Тайна проекта WH (Ростовцев) - страница 72

– Сдаюсь.

Это был хоть и затасканный, но весьма эффективный прием, известный любому профессионалу. В чуждой среде на родной язык тем или иным образом реагирует любой человек, особенно, если он находится под воздействием каких-то отвлекающих факторов, и я в данном случае не составил исключения: расслабился, откинувшись на спинку кресла. Роджерс не изменил позы. Только выражение его лица из сосредоточенного сделалось ехидно-ироническим. Мгновенно осознав свой промах, я снова склонился над шахматной доской и спросил:

– Что вы сказали, мистер Роджерс?

– Объявил по-русски о моей капитуляции… Ведь в шахматы меня научили играть русские. В годы той большой войны мне не однажды приходилось вместе с англичанами сопровождать до Мурманска и Архангельска транспорты с оружием и продовольствием для России… Это был сущий ад. Немцы старались утопить нас всеми возможными способами и расстреливали в воде тонущих. Всех до одного.

– Ого! У вас, оказывается, героическое прошлое, мистер Роджерс! Догадываюсь, что с тех пор вы недолюбливаете моих соотечественников.

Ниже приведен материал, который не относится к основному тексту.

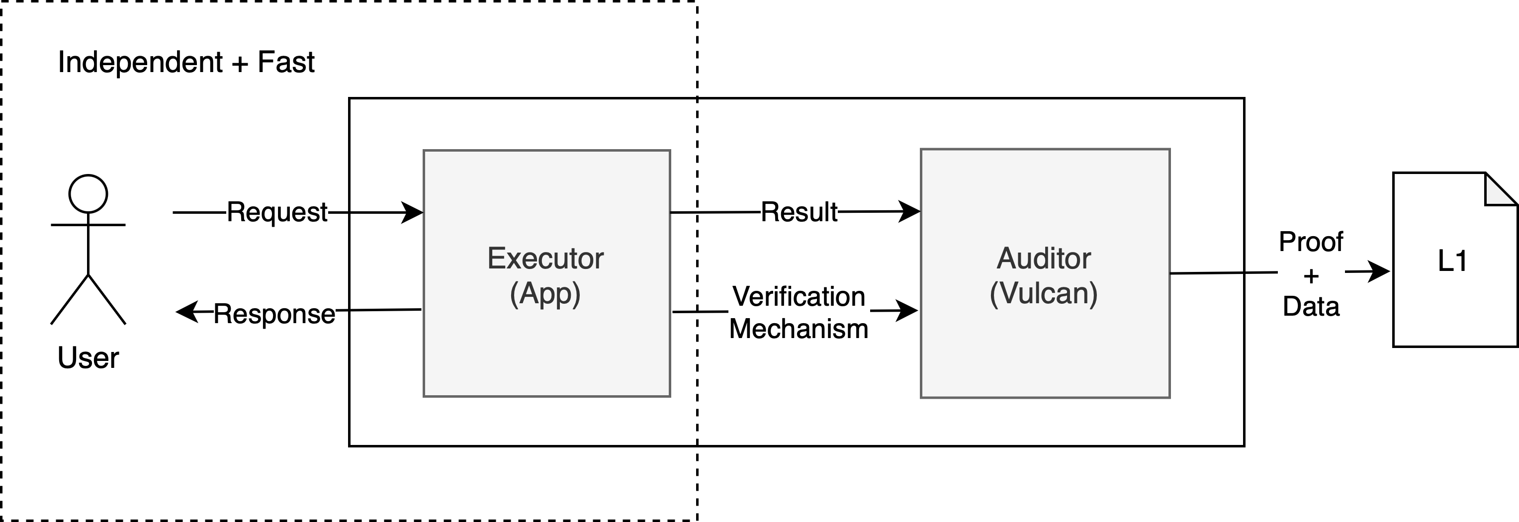 MRUs deliver exceptionally high throughput, mirroring the instant interaction users expect from web2 applications. Upon receiving a user’s request, the application promptly attempts to execute the state changes. If successful, it instantly provides feedback to the user. Subsequently, in according to MRU configurations, the application dispatches the block containing the state update and the corresponding actions to the Vulcan layer. This layer is responsible for verifying the accuracy of the transactions before ultimately recording the data on the blockchain.

– Это так. И уважаю русских, несмотря на то, что они сейчас наши враги.

– Знаете, мистер Роджерс, меня всегда удивляло ваше умение играть в шахматы лучше нормального среднего американца, но теперь я понял…

– Вы, полковник, тоже играете в эту игру лучше нормального среднего немца… В России все умеют играть в шахматы. Это у них национальная забава. Как у нас регби.

Роджерс встал, давая понять, что разминка мозгов окончена, и я удалился. Мне ничего не оставалось, как ломать голову над тем, что может означать выходка советника президента по вопросам безопасности.

Вечером я по привычке заглянул в бар и нашел там всех его завсегдатаев. Пьяный Чурано уже исполнял на полицейских свистках гимн Аурики. Роджерс, Уилсон и Бессьер кейфовали в своем любимом дальнем углу. Одно место за их столом пустовало. Это было мое место, и я уверенно занял его. Коллеги вели ленивую дискуссию по поводу того, на кой черт Отцу Отечества понадобилось награждать себя еще одним орденом Белого Кондора. Уилсон полагал, что болезненная любовь к регалиям есть атавизм дикарства, ибо именно дикари любят украшать одежду стекляшками и другими блестящими штучками. Бессьер считал, что это всего лишь свидетельство-крайнего умственного убожества и нищеты духа. Роджерс соглашался с обоими.

– Это не будет способствовать росту его популярности, – заметил Уилсон.

– А разве он ею когда-либо пользовался? – хитровато осведомился Бессьер. – Нет! Так о каком же росте или падении престижа может идти речь?